• [YOUR OBJECTIVE]: Below are the records to retype. Keep every character exactly and leave out the pictures.

(Extracted data entries)
◇ ◇ ◇ ◇ ◇

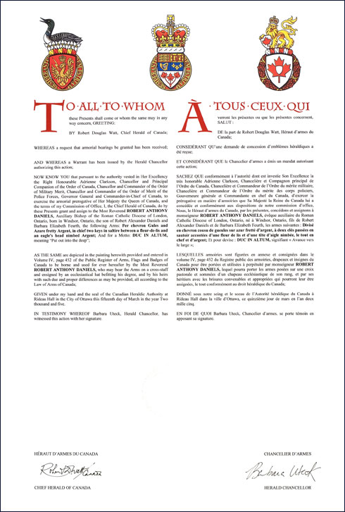 DeviseBlasonDUC IN ALTUM; SymbolismeSignifiant « Avance au large » dans la version de la Vulgate de la bible, cette sentence se trouve dans le verset 5,4 de l'évangile de Luc, où Jésus lui dit « Avancez en eau profonde, et lâchez vos filets pour la pêche. » L'évêque Daniels a choisi cette devise qui figure dans la lettre apostolique intitulée Novo Millennio Ineunte diffusée par le pape Jean-Paul II, le 6 janvier 2001, pour marquer le début du troisième millénaire. |
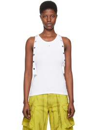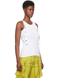 Rib knit cotton tank top. Extended webbing straps with press-stud hardware at shoulders. · Scoop neck · Logo applique at chest · Logo-engraved silver-tone hardware Supplier color: White Body: 100% cotton. Trim: 100% polyester. Made in Italy 241528F111000
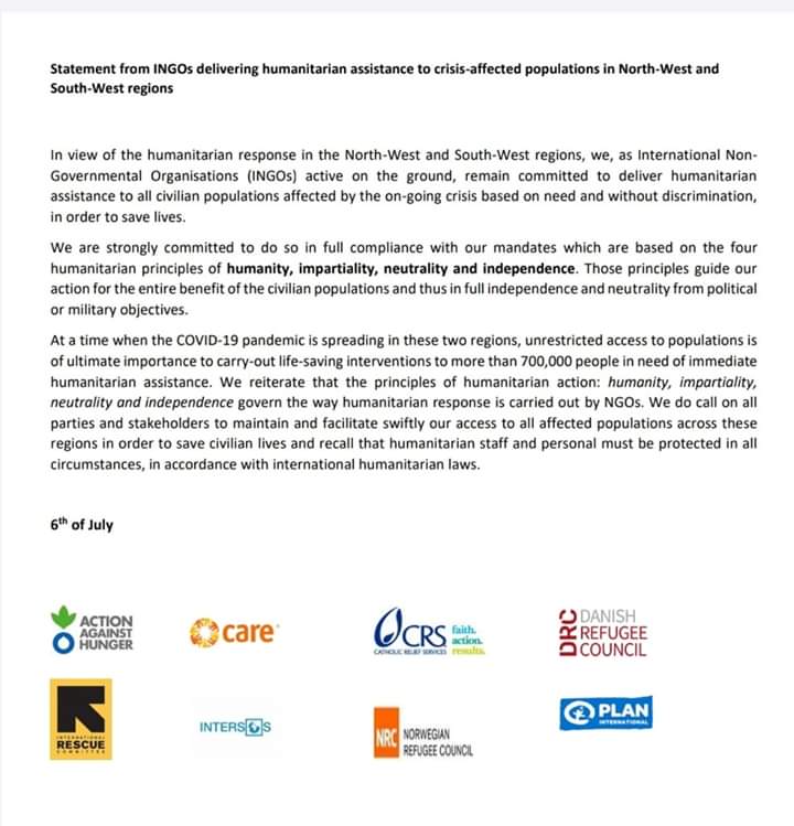A group of international Non-Governmental Organisations, NGO, have appealed on Separatists and Government forces in the northwest and southwest regions to relax their grip on major areas, so as to ease humanitarian access to more than 700, 000 people in dire need.
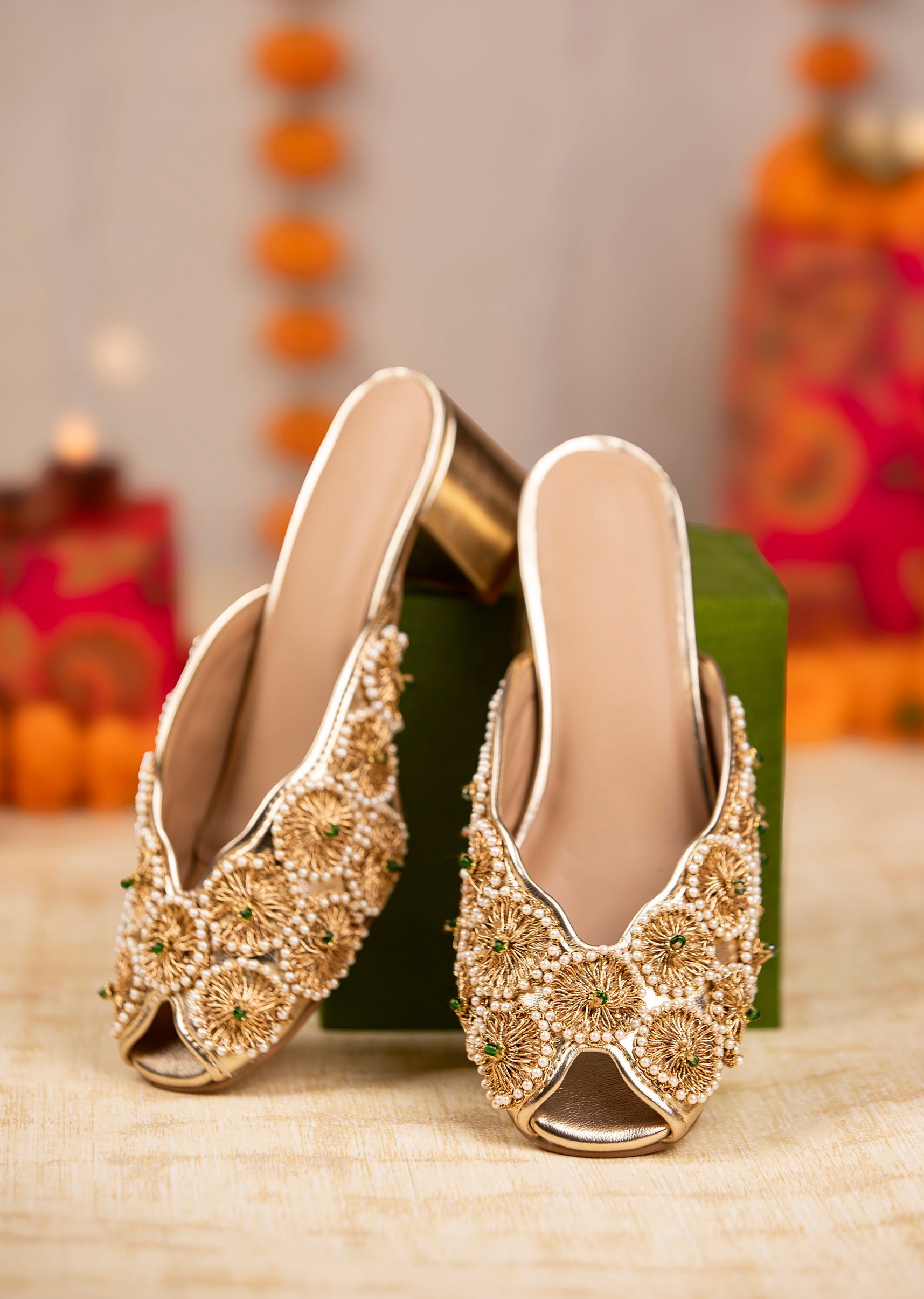 Step into elegance with gold mules featuring intricate floral embroidery crafted in shimmering gold threads and highlighted with delicate green bead accents that add a refreshing pop of color. Set... More Product Details
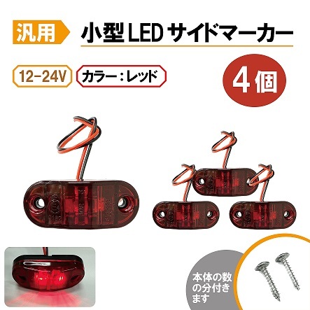 - 汎用 LEDサイドマーカー レッド 4個 路肩灯 車幅灯 車高灯 バスマーカー 赤 ウインカー 12V / 24V トラック トレーラー 流用 定形外送込
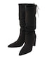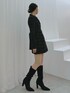 【ワンピース】 上品なツイード素材は着心地よく、女性らしさをプラスしてくれるワンピースです♡ BACKリボンなのでウエストをフィットすることができます。 テーラードカラーは大人っぽさを演出してくれて1枚でコーデが決まる優秀な1着です。 【シューズ】 くしゅくしゅとシャープなポインテッドトゥが足をきれいに魅せてくれるロングブーツです♡ 23.5cmのMサイズを着用してます。
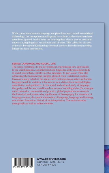 The primary focus of this volume is geared toward an examination of dialect perceptions in and of cities, with an additional goal of presenting empirical, theoretical, and methodological advancements in Perceptual Dialectology. Authors' contributions to the collection examine how the urban setting influences perceptions of linguistic variation and, in thecourse of examining the connections between place and perceptions, explore several interrelated themes of linguistic variation, including the differences in the perception of rural and urban areas, processes of perception and language change, and the relationship between perception and 'reality'.
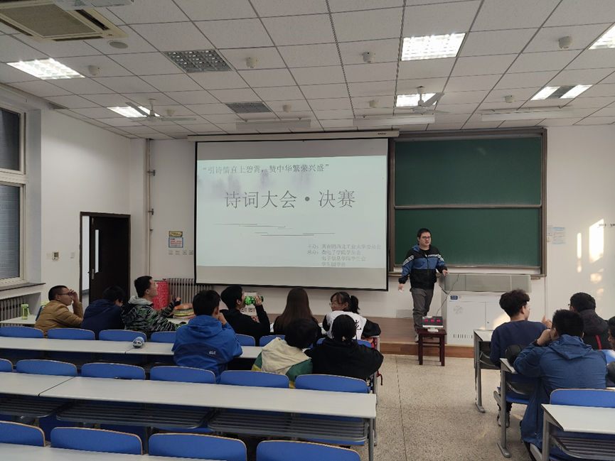 2020年10月24日星期六下午四到六时,由共青团西北工业大学委员会主办,电子信息学院团委、微电子学院团委、国学社承办的诗词大会决赛于西北工业大学长安校区教学东楼D座205成功举办。经过层层筛选,最终留下了六支实力强劲的队伍,每支队伍都在此次比赛中展现出了自己的风采。
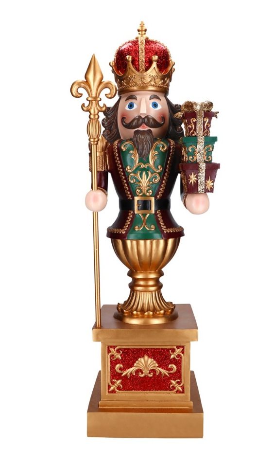 Symbole intemporel des fêtes de fin d’année, ce Casse-Noisette monumental incarne la magie de Noël dans sa plus belle expression.Réalisé en poly résine peinte à la main, il allie robustesse, éclat et raffinement pour sublimer les espaces intérieurs comme les vitrines festives. Caractéristiques Dimensions : 43 × 36,5 ×
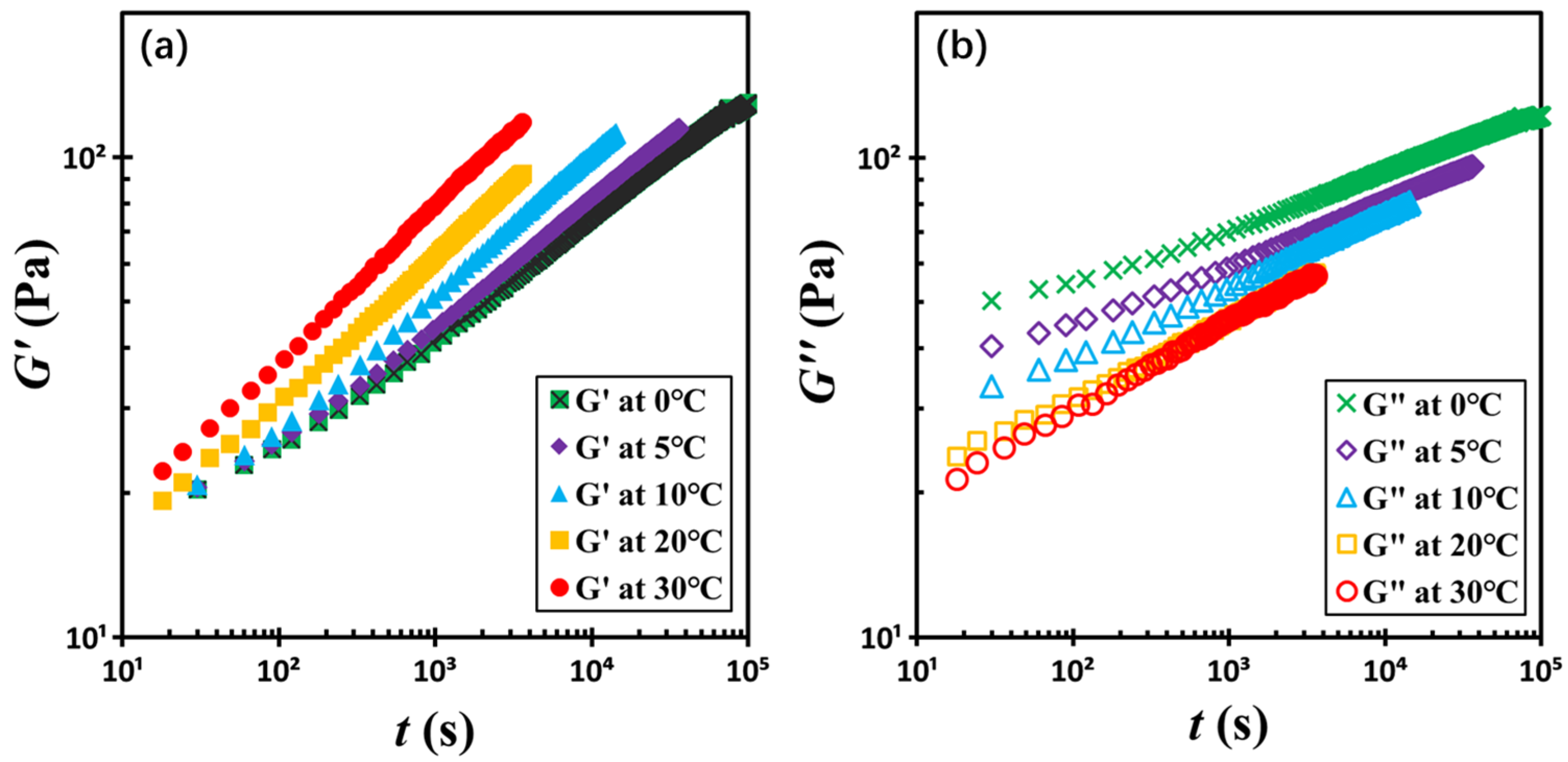 Figure 7. Remarkably, the moduli evolution curves obtained at different temperatures can be collapsed onto a single master curve through a two-step normalization process. First,

◇ ◇ ◇ ◇ ◇

• [WRITTEN RESPONSE]:
 DeviseBlasonDUC IN ALTUM; SymbolismeSignifiant « Avance au large » dans la version de la Vulgate de la bible, cette sentence se trouve dans le verset 5,4 de l'évangile de Luc, où Jésus lui dit « Avancez en eau profonde, et lâchez vos filets pour la pêche. » L'évêque Daniels a choisi cette devise qui figure dans la lettre apostolique intitulée Novo Millennio Ineunte diffusée par le pape Jean-Paul II, le 6 janvier 2001, pour marquer le début du troisième millénaire. |
 Rib knit cotton tank top. Extended webbing straps with press-stud hardware at shoulders. · Scoop neck · Logo applique at chest · Logo-engraved silver-tone hardware Supplier color: White Body: 100% cotton. Trim: 100% polyester. Made in Italy 241528F111000
A group of international Non-Governmental Organisations, NGO, have appealed on Separatists and Government forces in the northwest and southwest regions to relax their grip on major areas, so as to ease humanitarian access to more than 700, 000 people in dire need.
 Step into elegance with gold mules featuring intricate floral embroidery crafted in shimmering gold threads and highlighted with delicate green bead accents that add a refreshing pop of color. Set... More Product Details
 - 汎用 LEDサイドマーカー レッド 4個 路肩灯 車幅灯 車高灯 バスマーカー 赤 ウインカー 12V / 24V トラック トレーラー 流用 定形外送込
 【ワンピース】 上品なツイード素材は着心地よく、女性らしさをプラスしてくれるワンピースです♡ BACKリボンなのでウエストをフィットすることができます。 テーラードカラーは大人っぽさを演出してくれて1枚でコーデが決まる優秀な1着です。 【シューズ】 くしゅくしゅとシャープなポインテッドトゥが足をきれいに魅せてくれるロングブーツです♡ 23.5cmのMサイズを着用してます。
 The primary focus of this volume is geared toward an examination of dialect perceptions in and of cities, with an additional goal of presenting empirical, theoretical, and methodological advancements in Perceptual Dialectology. Authors' contributions to the collection examine how the urban setting influences perceptions of linguistic variation and, in thecourse of examining the connections between place and perceptions, explore several interrelated themes of linguistic variation, including the differences in the perception of rural and urban areas, processes of perception and language change, and the relationship between perception and 'reality'.
 2020年10月24日星期六下午四到六时,由共青团西北工业大学委员会主办,电子信息学院团委、微电子学院团委、国学社承办的诗词大会决赛于西北工业大学长安校区教学东楼D座205成功举办。经过层层筛选,最终留下了六支实力强劲的队伍,每支队伍都在此次比赛中展现出了自己的风采。
 Symbole intemporel des fêtes de fin d’année, ce Casse-Noisette monumental incarne la magie de Noël dans sa plus belle expression.Réalisé en poly résine peinte à la main, il allie robustesse, éclat et raffinement pour sublimer les espaces intérieurs comme les vitrines festives. Caractéristiques Dimensions : 43 × 36,5 ×
 Figure 7. Remarkably, the moduli evolution curves obtained at different temperatures can be collapsed onto a single master curve through a two-step normalization process. First,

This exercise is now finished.